⁷ School of Medicine, University of Mississippi Medical Center, Jackson, Mississippi, United States.

PMID: 35822947
DOI: 10.1111/jpc.16118

Abstract

Aim: Children with sickle cell disease (SCD) have historically weighed less than their healthy peers. More recently, a retrospective chart review from six institutions in New England reported nearly one-quarter of children and adolescents with SCD had raised body mass index (BMI).

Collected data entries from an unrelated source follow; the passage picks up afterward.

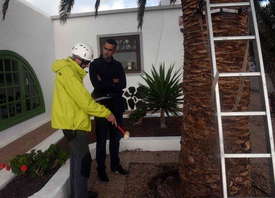 El Ayuntamiento de San Bartolomé ha encargado un estudio a un técnico ambiental especialista en labores culturales de la palmera, con el que poder realizar una prospección fitosanitaria en todos los ejemplares de palmera canaria de la Avenida de Playa Honda para determinar las afecciones bióticas y abióticas que están incidiendo negativamente en la sanidad vegetal de la palmera que ha provocado la pérdida y caída de varios ejemplares.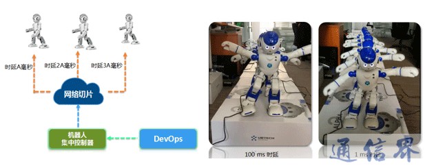 图4为8个机器人模拟工业控制的场景,机器人是以串行方式控制的。 第一个机器人接收到命令后,开始跳舞,并通过网络切片将此命令发送给第二个机器人,以此类推,因此最后的一个机器人的跳舞动作要比第一个机器人慢7倍的网络切片时延时间。 如图4左侧所示。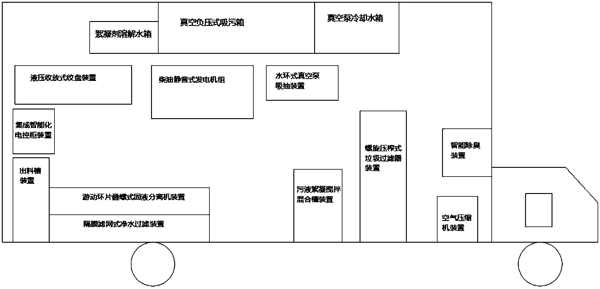 本實用新型設置了可快速拆卸的出料槽裝置,提高可維護性和便攜性;水環式真空泵吸抽裝置好處是,利用水冷方式使工作性能較之前的更加穩定,不至于工作一半因機械溫度過高或夏季工作溫差帶來無吸力的現象;管道與線纜的壓收放式絞盤裝置可避免人工抬管,節約人工成本;柴油靜音發電機給設備提供工作電源時,靜音施工不擾民,且柴油比汽油更加安全;集成智能數控裝置對整車裝備提供智能化、數字化、可視化的操控裝置,其位置調整到箱體后部的出料口處,可省去人工時時監督查看,更加便利,進一步節省人工成本;與集成智能數控裝置連接的各液位控制裝置可對各箱內液體高低位漫溢或排空起自動控制作用;隔膜濾網式凈水過濾裝置內設過濾網膜裝置,對游動環片疊螺式固液分離機裝置二次固液分離中產生的濾液進行過濾使排出的液水更清更干凈;實現了多功能聯動的車載污水處理系統。

This study aimed to examine rates of children with SCD with raised BMI in Mississippi compared to state and national norms and assess the correlation between haemoglobin and BMI.

Methods: A retrospective chart review of paediatric patients with SCD at the University of Mississippi Medical Center (UMMC) was conducted using data from the most recent clinic visit. Mississippi and national weight status estimates for youth 10-17 years were obtained from the 2016-2017 National Survey of Children's Health.

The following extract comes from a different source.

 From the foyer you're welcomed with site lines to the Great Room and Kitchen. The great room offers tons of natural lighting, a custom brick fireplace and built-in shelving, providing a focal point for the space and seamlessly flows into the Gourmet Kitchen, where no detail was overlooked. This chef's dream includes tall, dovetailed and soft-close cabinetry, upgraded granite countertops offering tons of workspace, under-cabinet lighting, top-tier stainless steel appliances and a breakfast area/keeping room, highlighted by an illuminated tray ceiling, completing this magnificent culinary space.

Results: For youth 10-17 years with SCD (n = 345), 21.4.% of children with SS/Sβ° and 36.1% with SC/Sβ⁺ had raised BMI compared to Mississippi and national rates, 39.2 and 31%, respectively. The prevalence of children with raised BMI with SC/Sβ⁺ did not differ from state and national rates, while children with SS/Sβ° were half as likely as their Mississippi peers to have raised BMI. Haemoglobin levels were different among children with SCD who had low BMI (8.80 g/dL), average BMI (9.2 g/dL) and raised BMI (10.5 g/dL) (P < 0.001).

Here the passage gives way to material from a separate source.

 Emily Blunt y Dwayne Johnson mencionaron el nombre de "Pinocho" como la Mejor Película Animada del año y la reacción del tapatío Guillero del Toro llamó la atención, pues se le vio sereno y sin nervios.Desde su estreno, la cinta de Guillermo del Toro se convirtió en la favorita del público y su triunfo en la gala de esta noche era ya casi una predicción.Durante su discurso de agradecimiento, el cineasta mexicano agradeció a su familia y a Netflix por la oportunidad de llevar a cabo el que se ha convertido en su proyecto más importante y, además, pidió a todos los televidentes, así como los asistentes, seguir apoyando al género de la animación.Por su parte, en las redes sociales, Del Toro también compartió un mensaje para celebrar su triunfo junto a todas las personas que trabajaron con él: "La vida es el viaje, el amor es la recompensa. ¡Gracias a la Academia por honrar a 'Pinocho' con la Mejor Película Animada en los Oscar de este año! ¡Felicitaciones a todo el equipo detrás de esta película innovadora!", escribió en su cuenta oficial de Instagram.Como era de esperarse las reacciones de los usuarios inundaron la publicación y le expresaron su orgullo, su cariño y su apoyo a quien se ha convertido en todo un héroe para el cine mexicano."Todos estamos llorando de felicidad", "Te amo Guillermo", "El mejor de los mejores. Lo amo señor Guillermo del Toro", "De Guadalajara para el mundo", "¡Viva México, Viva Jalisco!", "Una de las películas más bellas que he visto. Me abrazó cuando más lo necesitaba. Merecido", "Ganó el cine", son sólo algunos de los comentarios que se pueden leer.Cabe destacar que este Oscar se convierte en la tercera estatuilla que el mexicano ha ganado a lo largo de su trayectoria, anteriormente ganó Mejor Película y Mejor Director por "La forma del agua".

Conclusions: Children with SCD evaluated at UMMC have similar rates of raised BMI compared to state and national norms. Children with raised BMI have higher mean haemoglobin levels compared to children with SCD with low or average BMI.

Implications and contribution: Historically, patients with SCD have been underweight and normal weight. Our paediatric and adolescent patients with SCD now have prevalence rates of raised BMI that approach state and national rates. Further work must be done to determine whether this reflects healthier children with SCD or raises concerns about life-style-related comorbidities.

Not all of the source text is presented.